Project-specific scripts in sub-directories.
Below we describe the analysis components implemented in each processing script. Feel free to pick-and-choose features described below when writing new scripts for your own project.
Some issues that all or most of these scripts address:
- extracting classification marks/answers from within the JSON fields of the CSV classification data exports
- cleaning the classification export files:
- removing duplicate classifications (if they occur)
- dealing with empty classifications (some projects throw them out, others count them as "nothing here" votes)
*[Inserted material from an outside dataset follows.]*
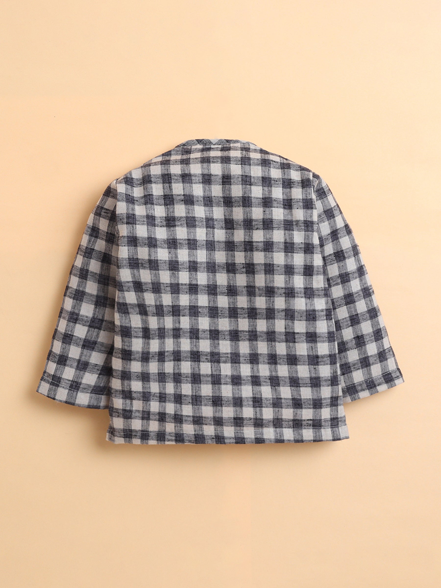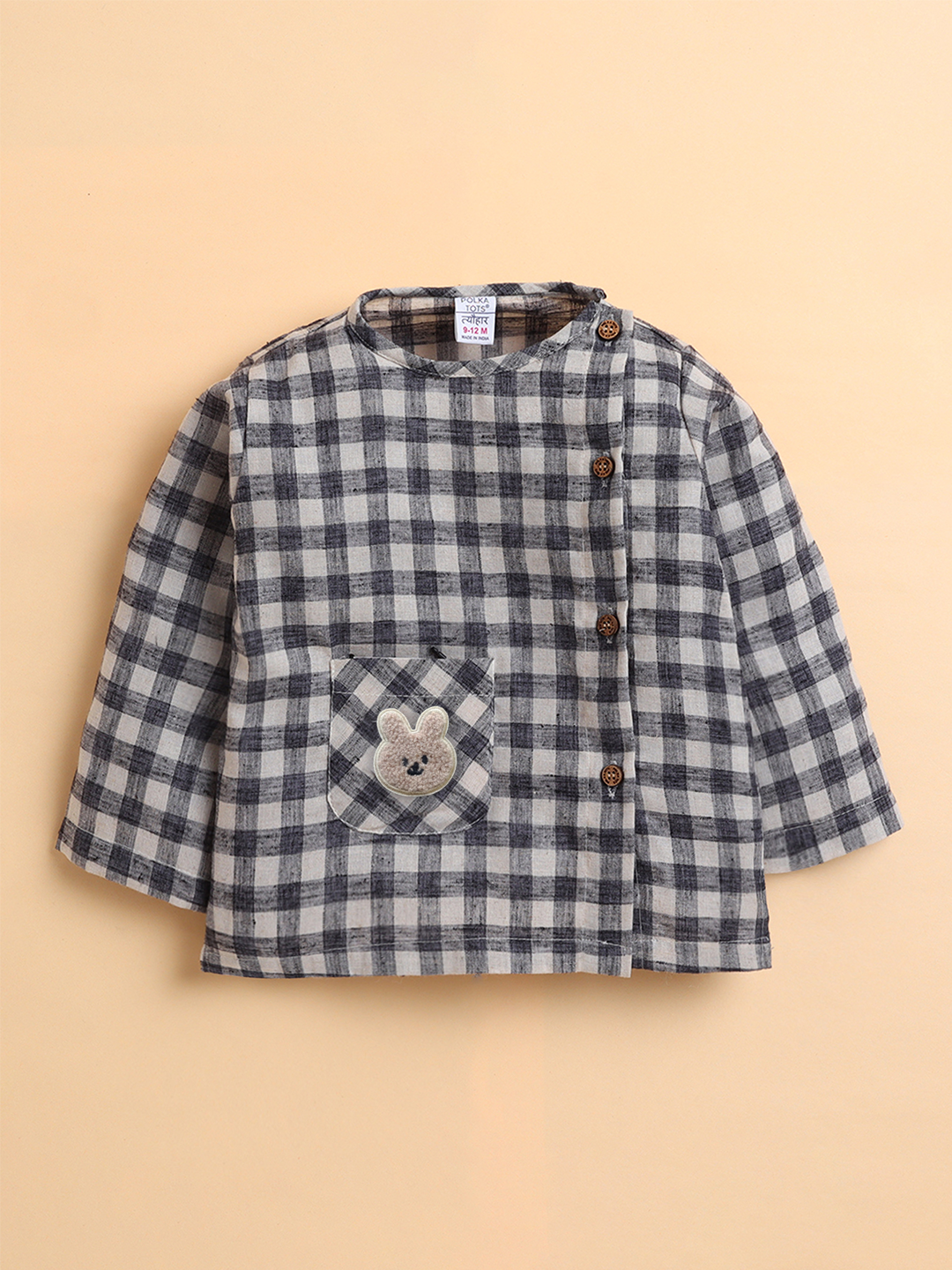 Polka Tots Soft Cotton Full-Sleeves Teddy Pocket Gingham Jhabla & Pant Set - Black

- only including classifications from the most up-to-date workflow version(s)
NOTE: For R code that addresses these issues, please see https://www.github.com/aliburchard/DataProcessing.
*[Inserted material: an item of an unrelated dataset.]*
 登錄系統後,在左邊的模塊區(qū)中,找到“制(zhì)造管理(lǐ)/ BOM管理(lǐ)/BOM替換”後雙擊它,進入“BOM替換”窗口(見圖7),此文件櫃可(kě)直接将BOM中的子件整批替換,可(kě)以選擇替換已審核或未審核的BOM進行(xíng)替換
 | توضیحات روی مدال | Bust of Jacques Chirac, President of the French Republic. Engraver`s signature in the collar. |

Marking star cluster locations in Hubble Space Telescope images.
Script -- Creates CSV of circular marker info from simple marking workflow.
Marker type -- circle
An exoplanet-finding project run as part of Stargazing Live.
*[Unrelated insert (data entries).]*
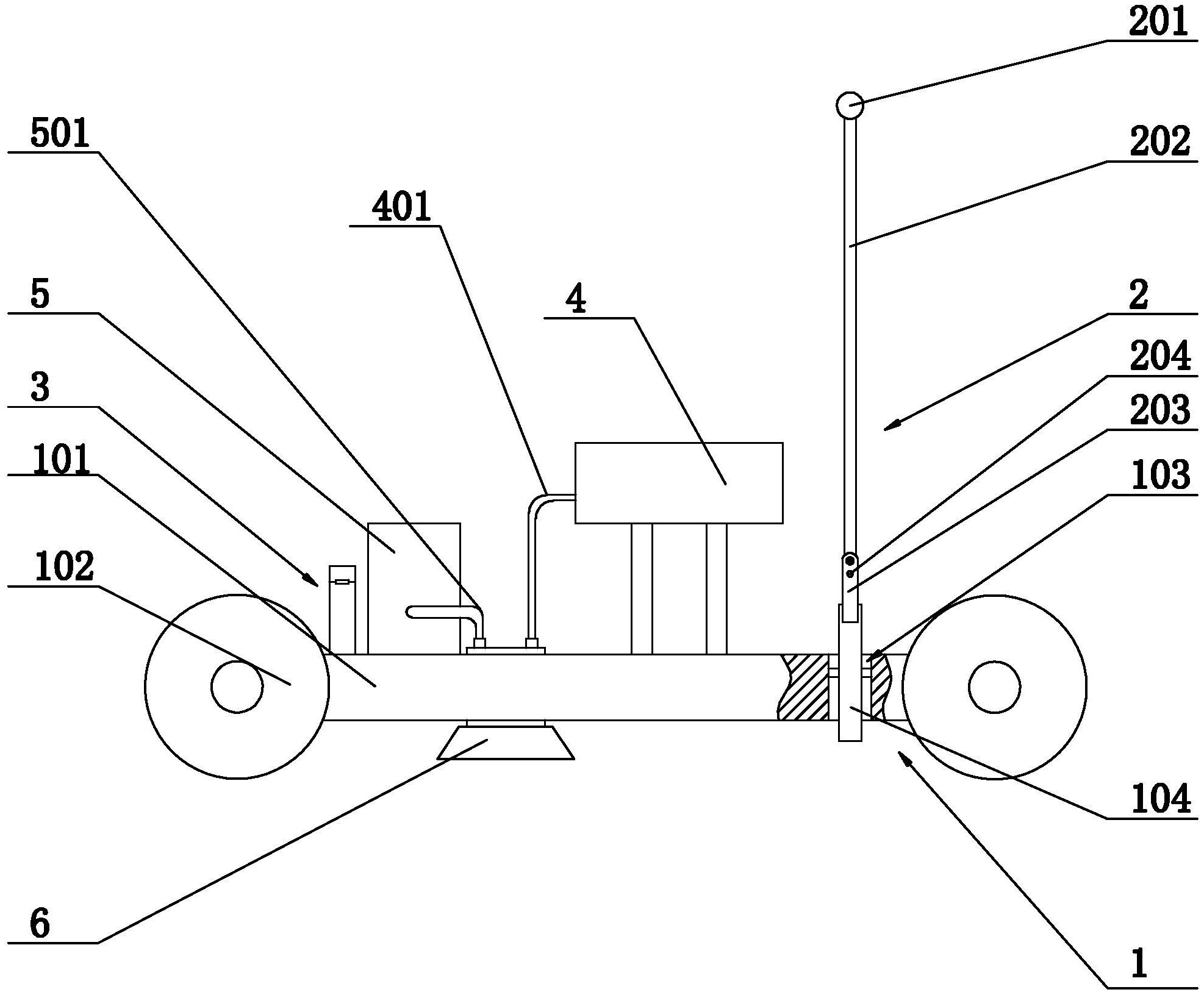 本实用新型涉及一种彩钢瓦的修缮喷漆机,包括车体、设于车体上的喷漆装置,车体的底盘上设有可以改变朝向的扶手;底盘的后端设有长条形的贯通槽,转盘可转动的竖直安装于贯通槽,贯通槽的内部的前后两侧面均设有同轴的第一插销孔,转盘对应第一插销孔设有周向分布的多个第二插销孔;插销穿过第一插销孔并通过某个第二插销孔以固定转盘的转动角度;扶手包括水平的扶手杆和两根连接杆;连接杆的一端与扶手杆固定连接,其另一端固定连接于转盘;本实用新型提供的一种彩钢瓦的修缮喷漆机,与现有技术相比:底盘上的转盘可以旋转并且通过插销固定其旋转角度,从而使工作人员可以调整扶手的角度,实现使工作人员从所述车体的侧边推动所述车体前进。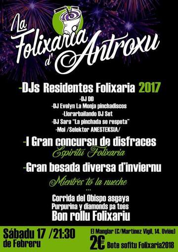 La mejor folixa d'antroxu que vais a poder vivir en Uviéu el día 17 de febrero a partir de las 9 y media de la noche en el manglar (C/martínez Vigil, 14)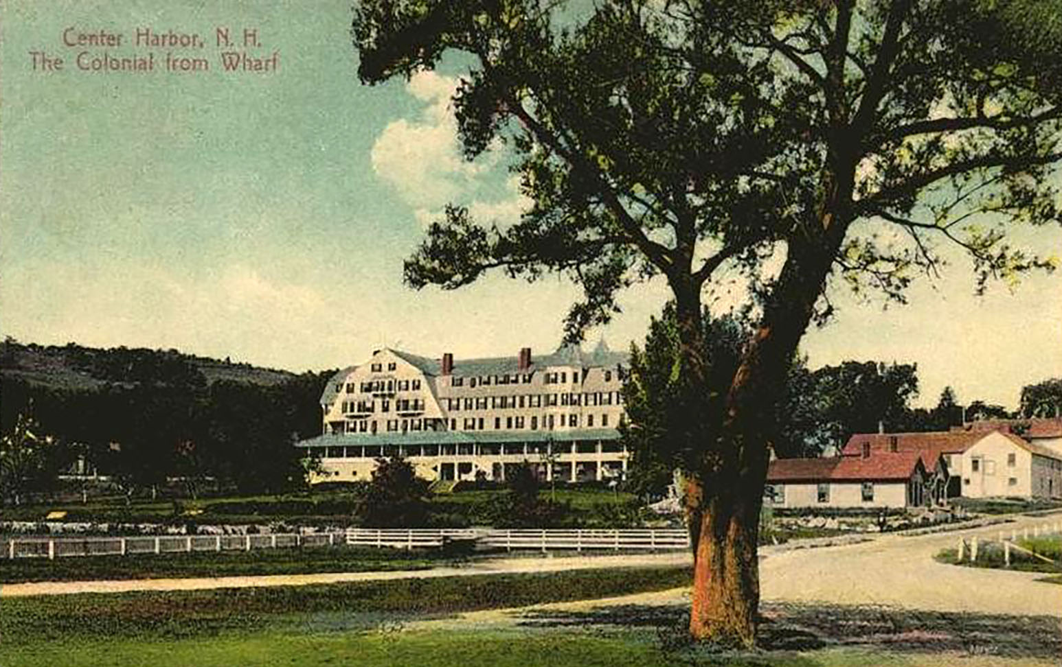 The Colonial Hotel was built in 1888. It replaced the original Senter House, which had burned down. When first built, the hotel retained the name of the Senter House. The new hotel was much larger than the original. It became the grand hotel of Center Harbor. New owners changed the name to the Colonial Hotel in 1904. The Colonial burnt down in 1919 and was not replaced.

Scripts -- Aggregate simple question task (with weighting). Save outputs to Google Drive folder for easy data sharing. This script is adapted from the Pulsar Hunters aggregation script described below; it may be more generally applicable because it doesn't need a bunch of additional files with gold-standard data etc. Update: There is now also an aggregation script that's meant to run on a big classification export (the example is 16GB) without requiring a lot of memory, for those whose computers aren't at the bleeding edge in terms of their RAM.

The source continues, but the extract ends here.